I feel the need to make this distinction because mainstream workout culture skeeves me the fuck out. Chiseling yourself into a sculpture is a fundamentally selfish pursuit, in my humble opinion. Doesn’t do much for anybody around you, except to possibly make them feel inadequate for not looking like a highly vascular turkey roast. I think what’s at issue here is a fundamental disagreement on the nature of toughness. Reactionary thought holds that what is best in life is to transform ourselves into unfuckwithable ubermensches who need nothing they can’t take by force. I think that’s absolute dogshit. Aestheticizing social alienation is not a good look, but it is a great way to sell protein powder.

The Colonnade
So considering all of this, I must be a tough people, right? Right??? Well, here’s where false consciousness can throw you a curve. Our ability to endure the physical and psychological hardship of working class existence is admirable. I daresay it may even be worth celebrating with a Hamm’s or two. But overidentification with your ability to adapt to the harshness carries with it the distinct risk of making a virtue out of suffering. The Protestant work ethic will turn you servile if you let it. You go to bed an idealistic 20-something, out there doin’ it for the youth — come to wake up next morning aged 39 with mild gingivitis, permanent sleep circles, and the confused notion that what makes you a respectable person is your boundless capacity for thankless suffering.
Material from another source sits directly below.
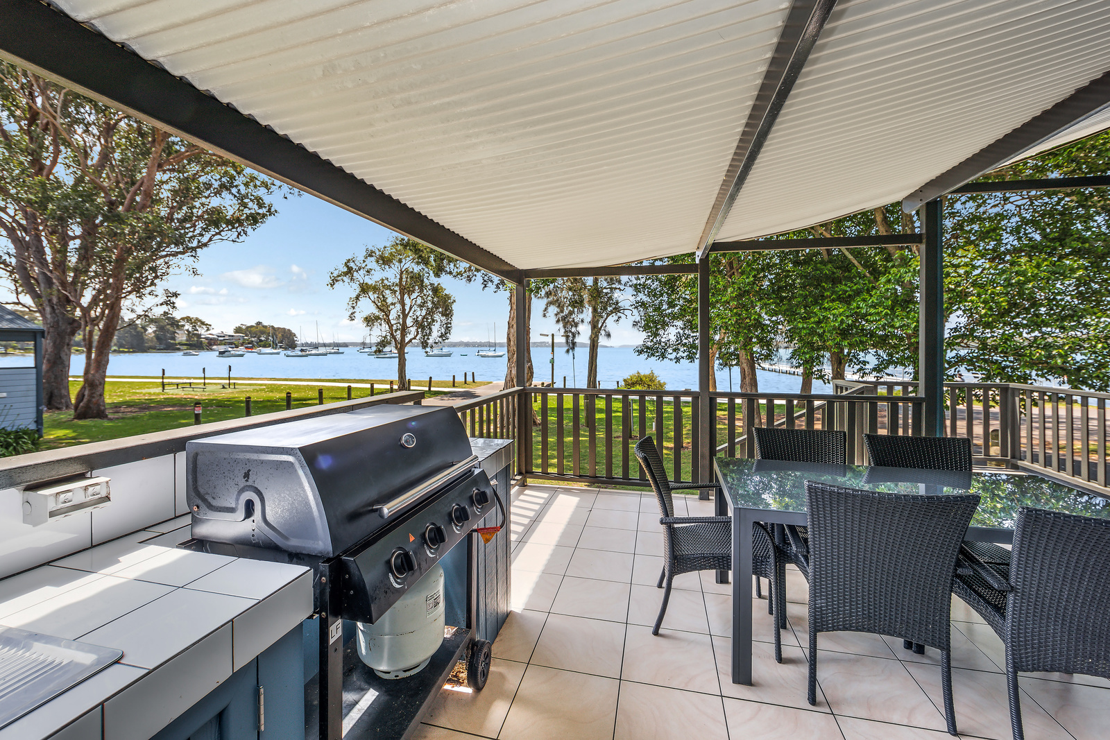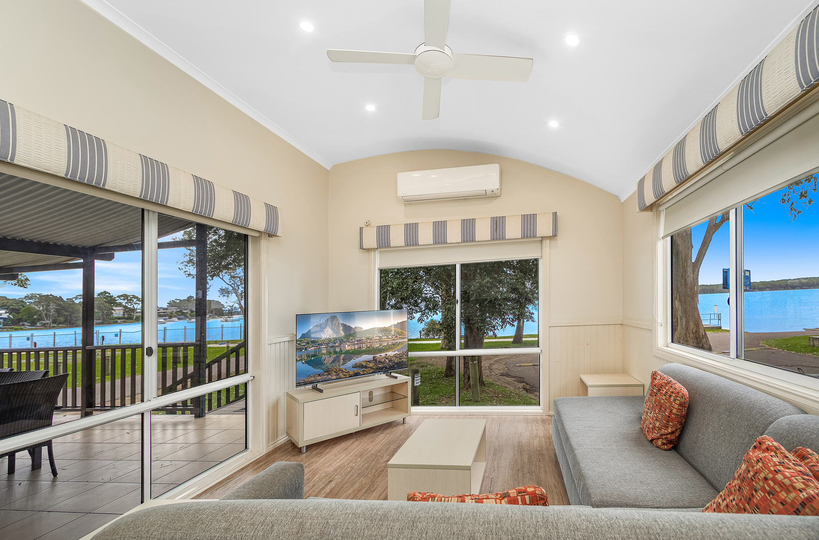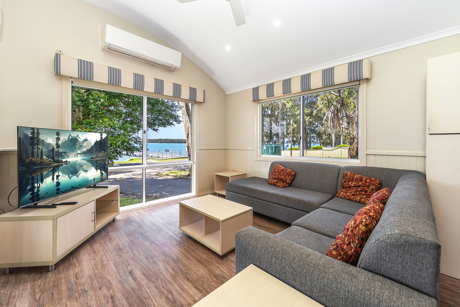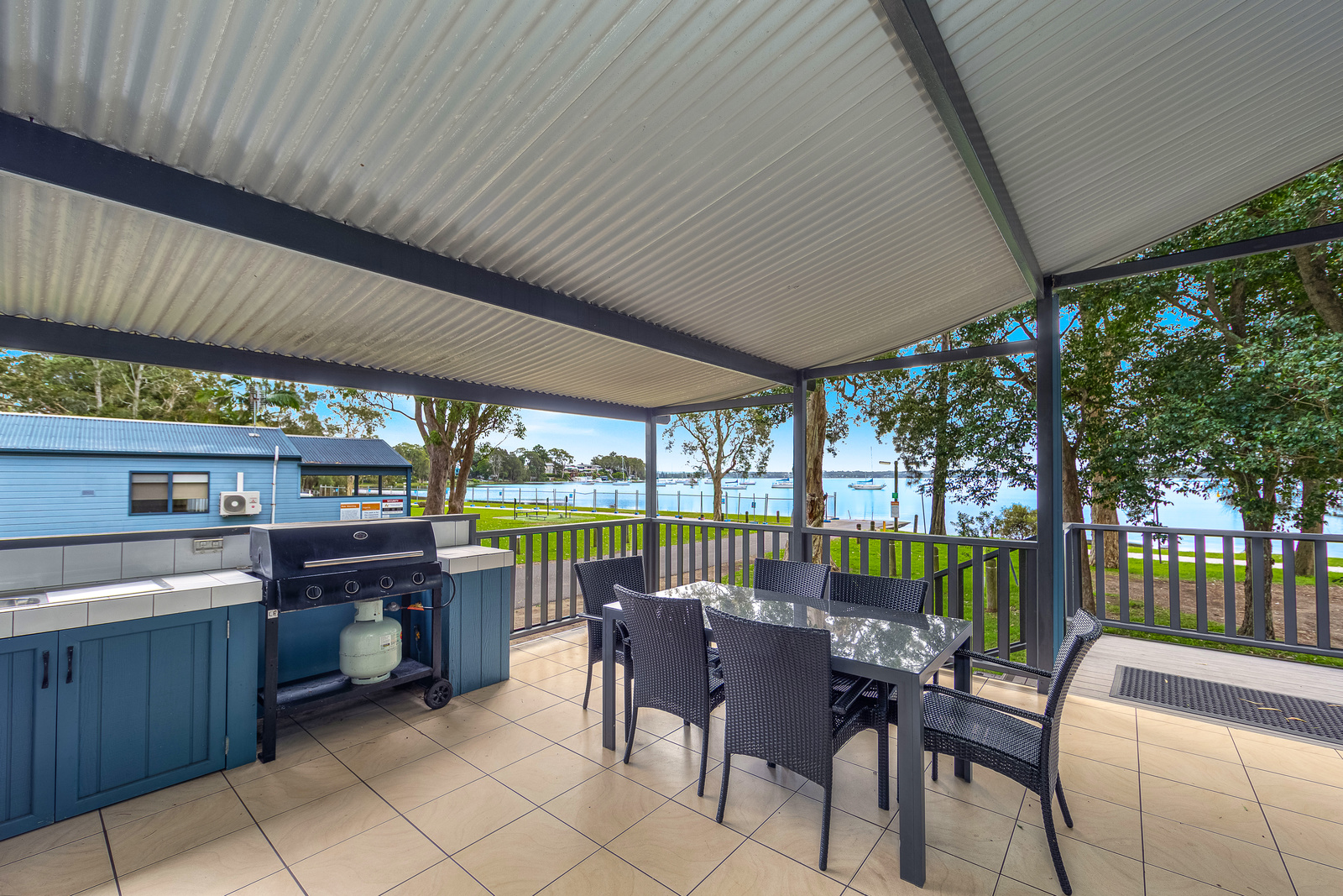 Our Boat Sheds sleep up to six guests with a queen bed in the main bedroom and a double bed plus bunk in the second bedroom, as well a bathroom, kitchen, living area, and private deck.

If “toughness” means anything, I have to believe it’s the ability to be sturdy when others in your life need someone to lean on. It’s the recognition that, whatever you’re doing, you aren’t doing it alone. The stronger your cohort is, the more flexibility you retain when shit gets hectic. I believe the physicists will back me on this. If you sidestep the aesthetic preening, strength training can enhance your physical coordination and psychological fortitude. I lift weights to feel out the flexible boundaries of the corpse chariot in which my consciousness has been unceremoniously installed. I’m really in this thing, so I better make the most of it.

So my questions to those about to lift are as follows:
Does your routine rise above the crude onanism of self-domination?
Are you building a pillar or a statue?